Per questo, Federazione Anie chiede alle Istituzioni, offrendo il proprio coinvolgimento e contributo, di portare a compimento la digitalizzazione delle Infrastrutture di Rete garantendo velocità e sicurezza per lo scambio e la trasmissione, sicura, delle informazioni. È necessario poi, si legge in una nota, “dare continuità allo sviluppo del settore manifatturiero attraverso il sostegno alle Tecnologie 4.0, perché occorre spingere sull’Industria come fattore determinante della competitività del Paese e traino di tutti i comparti”. L’associazione invita il governo a raggiungere gli obiettivi di sostenibilità del Piano Nazionale Clima ed Energia, dando concretezza alle misure necessarie e attuative.
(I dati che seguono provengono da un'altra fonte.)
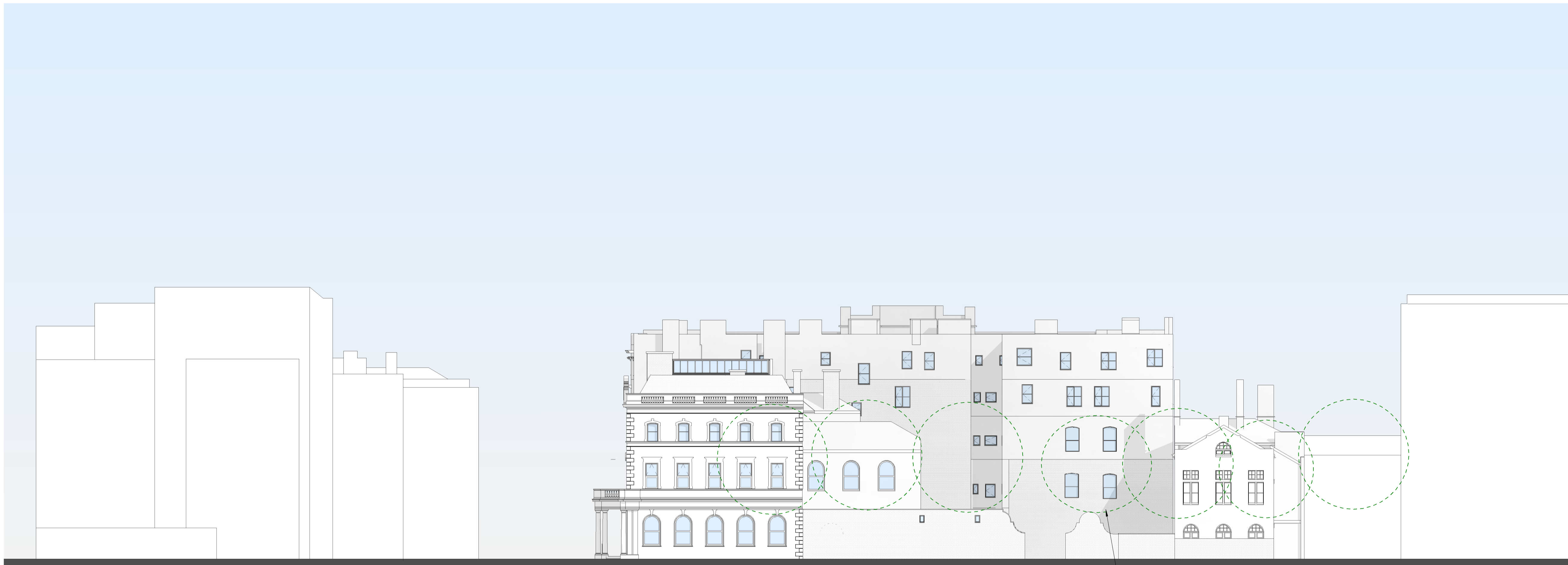
Existing East Context Elevation 1 : 200

Prioritarie anche la digitalizzazione degli edifici, mettendo in pratica la proposta Anie Building 4.0 di misure efficaci per l’evoluzione tecnologica degli stessi e la loro efficienza e una mobilità integrata e verde, grazie ad un piano completo di investimenti nelle infrastrutture accompagnato alle iniziative sui trasporti intelligenti e sostenibili. Serve poi proseguire con il decreto Sblocca Cantieri al fine di dare nuova linfa a un settore strategico per la crescita del Sistema Paese.

Anie infine ribadisce come “la premessa indispensabile e il fattore determinante per l’attuazione di questi progetti sia la necessità di fare sistema sul tema della formazione. Il processo evolutivo in atto porterà tra qualche anno ad avere lavori molto diversi rispetto a quelli che conosciamo e che in alcuni casi non riusciamo ancora ad immaginare. Il capitale umano rappresenta un investimento imprescindibile da valorizzare per le sue competenze e conoscenze tecnologiche”.